Questo spostamento semantico non è vezzo accademico: serve a focalizzare l’obiettivo comune, ovvero portare il test giusto alla persona giusta, riconoscendo che per alcuni pazienti il “non sapere” o il “non trattare” potrebbe essere l’opzione che massimizza la propria qualità della vita.
Non cambia la prescrizione di domani mattina, ma cambia come ne discutiamo con i pazienti e tra colleghi. Dobbiamo smettere di vedere chi solleva dubbi come un nemico della salute pubblica e chi propone screening come un crociato acritico. La medicina basata sulle prove richiede umiltà, non trincee: è nella zona grigia, non nelle certezze assolute, che si prendono le decisioni migliori.
Il consiglio della redazione
Applicazioni pratiche:
- Nei meeting multidisciplinari: quando c’è disaccordo sulla gestione di una lesione borderline o su uno screening, chiedete esplicitamente: “Quali valori stiamo prioritizzando qui? La prevenzione del rischio futuro o la qualità della vita attuale?”.

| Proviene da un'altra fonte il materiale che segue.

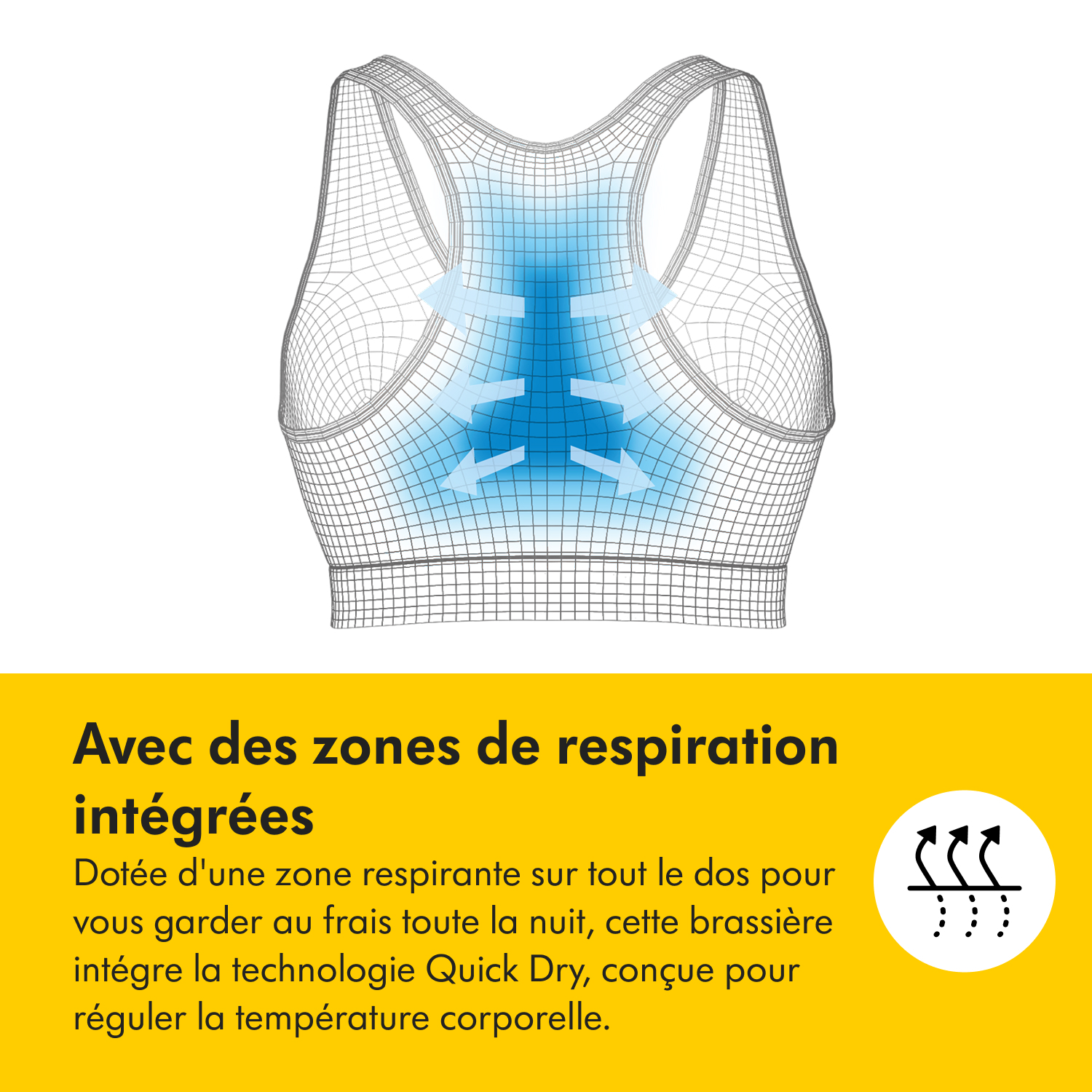 La brassière de nuit Keep Cool™ de Medela est dotée d’une zone de respiration à dos nageur pour des nuits plus fraîches et un sommeil réparateur et confortable. Nouvelle technologie de séchage rapide pour vous aider à équilibrer la température de votre corps tout en vous assurant soutien et confort. Notre technologie Adaptive Stretch™ dans 4 directions permettra à votre soutien-gorge de s’étendre de pair avec votre corps, de la grossesse à l’allaitement, en vous maintenant au frais et au sec tout au long de votre voyage, malgré les fluctuations de votre température corporelle, tout en vous assurant, la nuit, soutien et confort.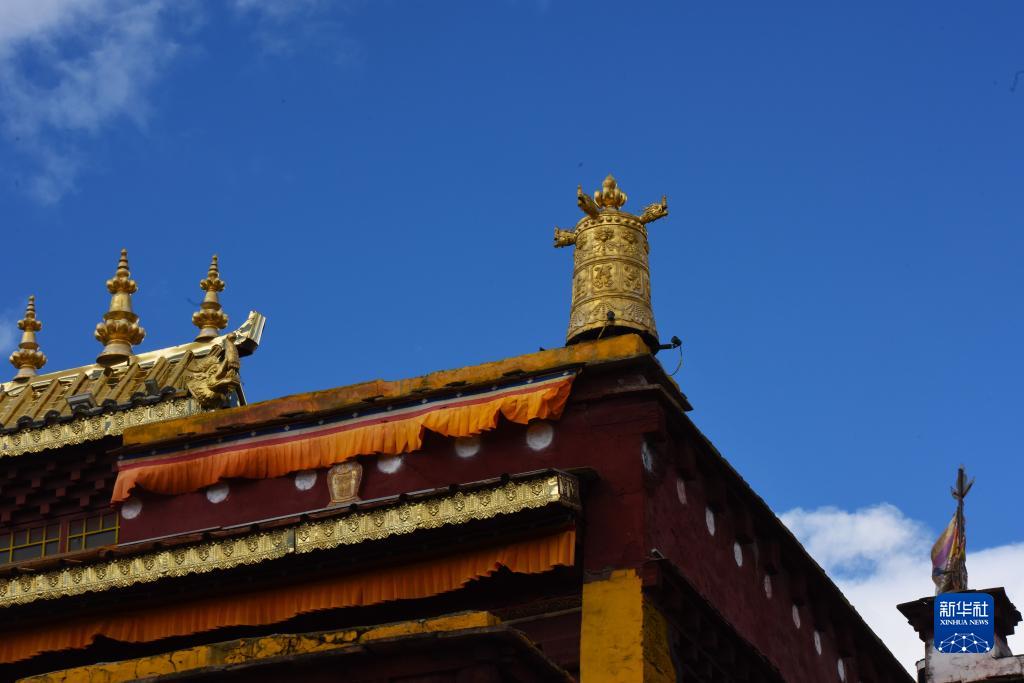 10月10日在四川甘孜藏族自治州理塘县拍摄的藏式建筑一角。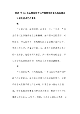2024 年 XX 社区党支部书记对镇党委班子及成员意见.docx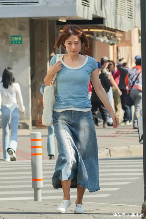 再看马伊琍这件蓝色t恤和牛仔半身裙的搭配,蓝色,宛如夏日晴空与大海的颜色,给人带来清新与宁静的感觉,能让白皙的肤色更显透亮。大领口和泡泡袖的设计堪称点睛之笔,增加了复古俏皮的风格,轻松体现了几分少女感,同时还能露出锁骨,遮挡住手臂上的拜拜肉,显瘦时髦两不误。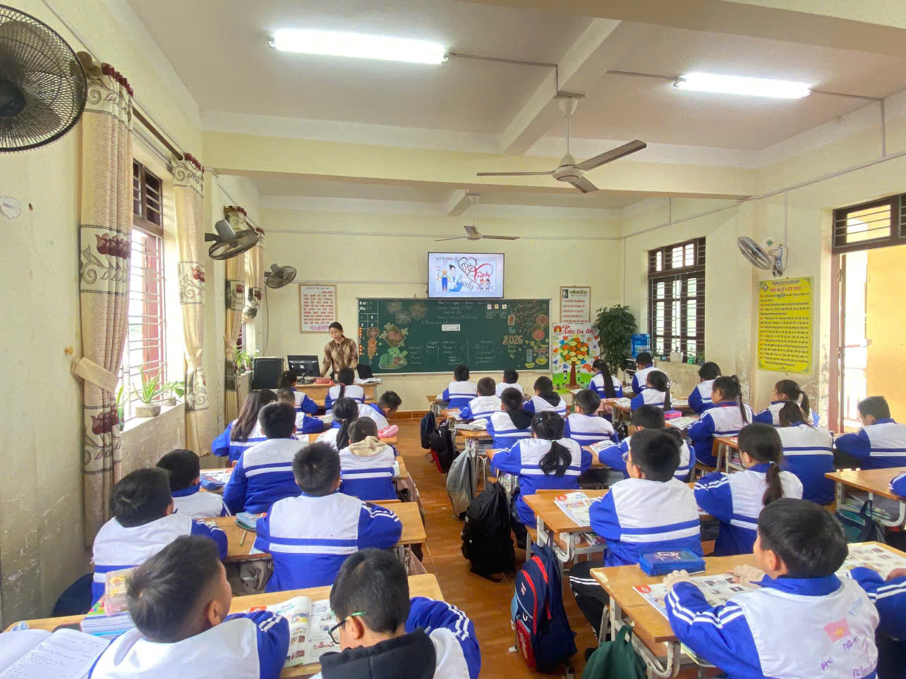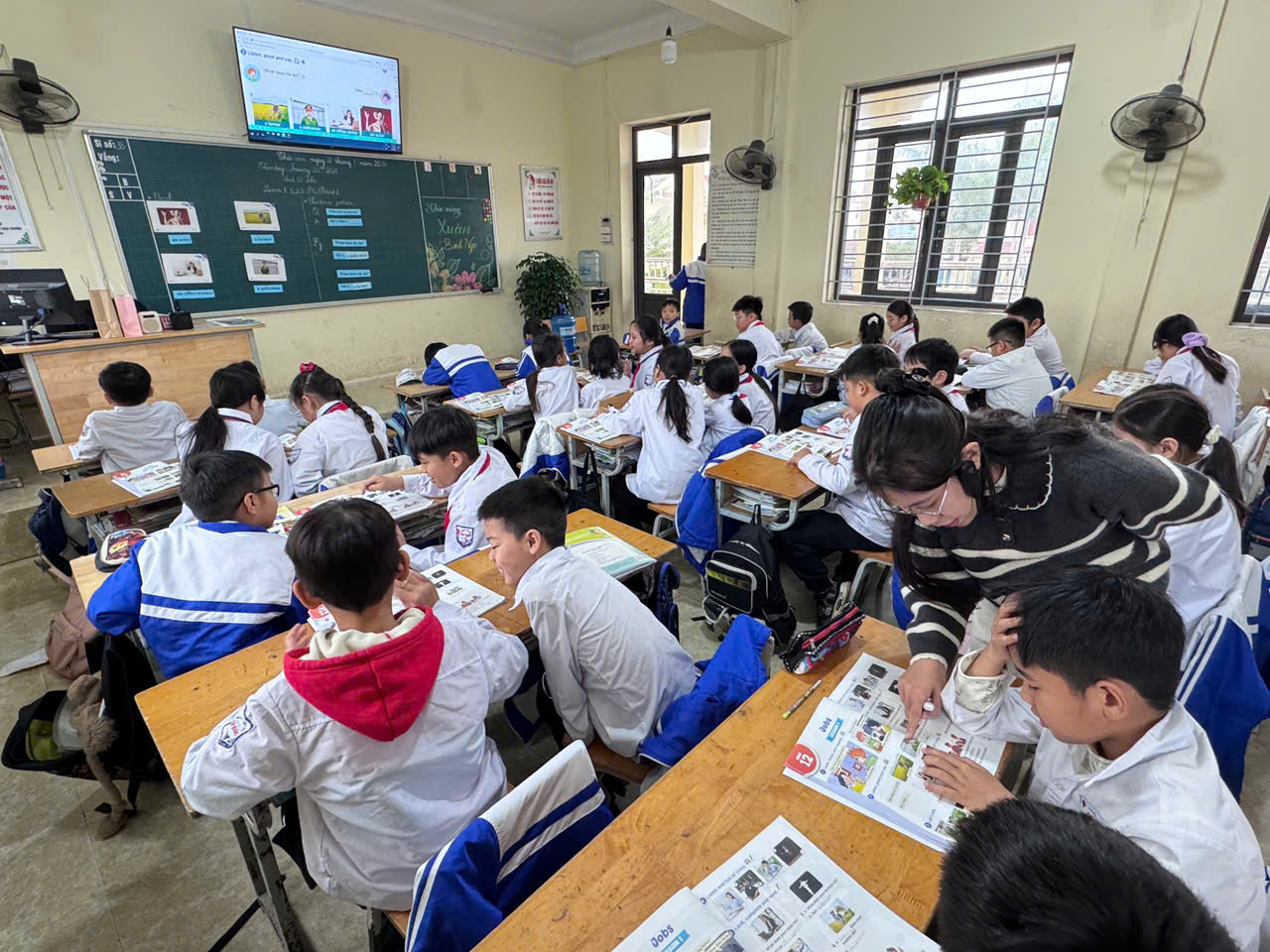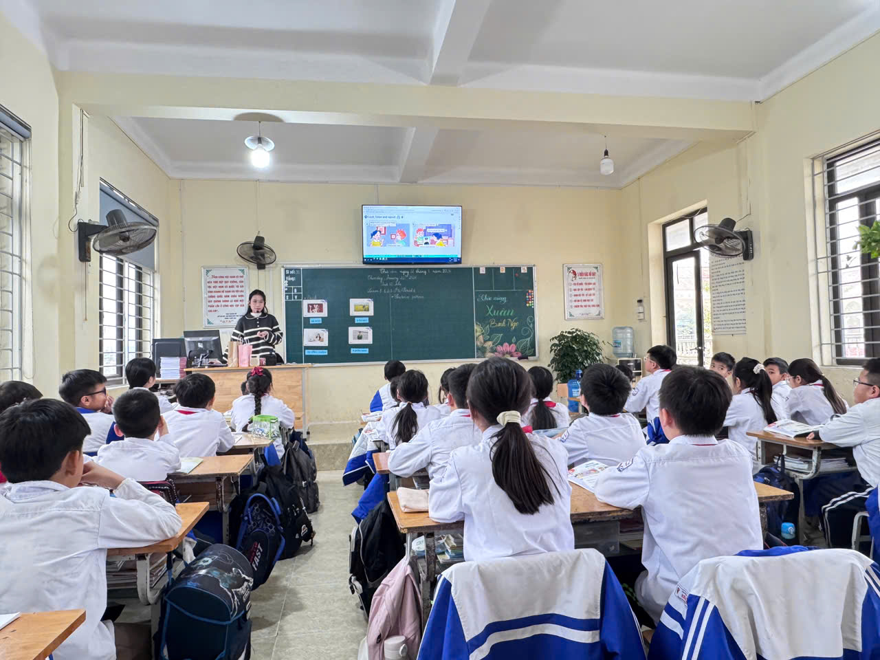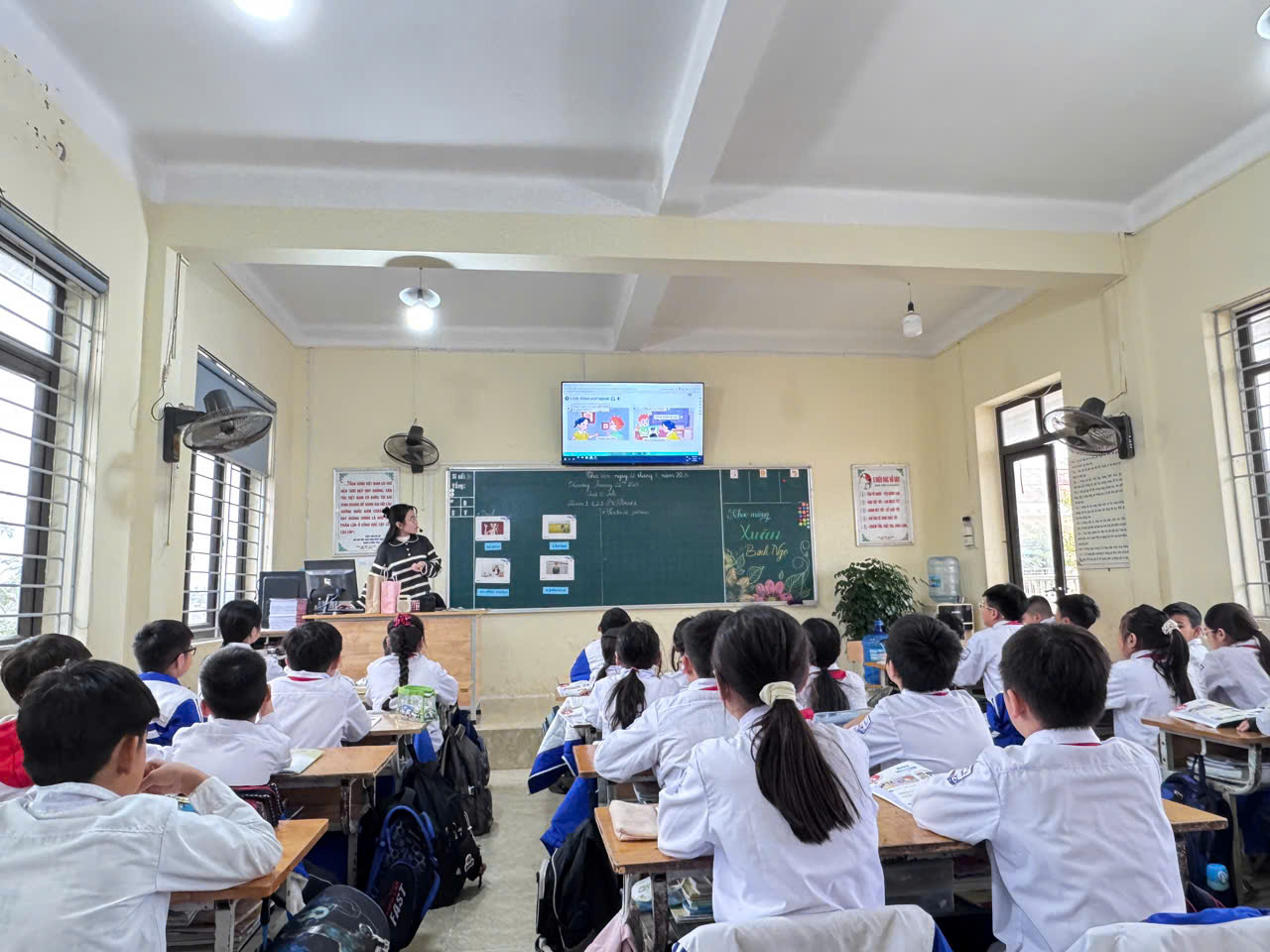 Cô Thanh là giáo viên trẻ, yêu nghề, yêu học sinh, luôn tâm huyết trong từng tiết dạy. Trong tiết học Tiếng Anh, cô đã vận dụng linh hoạt phương pháp dạy học, ứng dụng hiệu quả công nghệ thông tin và công nghệ AI, giúp học sinh hứng thú, chủ động tham gia các hoạt động học tập.

- Nella comunicazione col paziente: evitate di presentare lo screening come un imperativo morale (“si deve fare”). Presentatelo come una scelta con trade-off specifici (benefici potenziali vs rischi di sovradiagnosi).
Cosa NON fare:
- Etichettare i colleghi scettici come “anti-scienza” o quelli interventisti come “commerciali”. Questo linguaggio blocca l’analisi critica delle evidenze.
Take Home Messages
- La polarizzazione blocca la scienza: le fazioni contrapposte (“pro” vs “contro”) impediscono di valutare con lucidità i reali benefici e danni delle nuove tecnologie diagnostiche.
- Il mito della linearità: dobbiamo accettare che la malattia grave non è sempre preceduta da stadi iniziali trattabili; la biologia tumorale è spesso non lineare e variabile.
- È una questione etica, non solo statistica: i conflitti sulla diagnosi precoce riguardano visioni diverse di cosa significhi “stare bene” e del ruolo della medicina nella vita delle persone.
- Le parole contano: sostituire “diagnosi precoce” con “diagnosi ottimale” o “caratterizzazione del rischio” aiuta a uscire dalla logica binaria malattia/salute.
- Ascolto umile: riconoscere che la progressione di malattia è spesso incerta e non lineare è il primo passo per una medicina più onesta e meno dogmatica.
Bibliografia
- Davies E. Polarisation in medicine: how can we better engage with people who disagree with us? BMJ 2025;391:r2342.
- Williams JH, Hooker C, Gilbert GL, Hor S, Degeling C. Disagreement among experts about public health decision making: is it polarisation and does it matter? BMJ Glob Health 2023;8:e011182.
- Duhigg C. Supercommunicators: how to unlock the secret language of connection. Cornerstone Press, 2024.
- Srivastava S, Koay EJ, Borowsky AD, et al. Cancer overdiagnosis: a biological challenge and clinical dilemma. Nat Rev Cancer 2019;19:58.
- Moynihan R, Smith R. Too much medicine? BMJ 2002;324:859-60.
- Friedman A. Mammography wars: analyzing attention in cultural and medical disputes. Rutgers University Press, 2023.
- Wallis S, McCartney M, Donnelly PD, Sullivan F. From early diagnosis to optimal diagnosis: a conference report on what excellent innovation should look like. BMJ Innov 2025;11:4.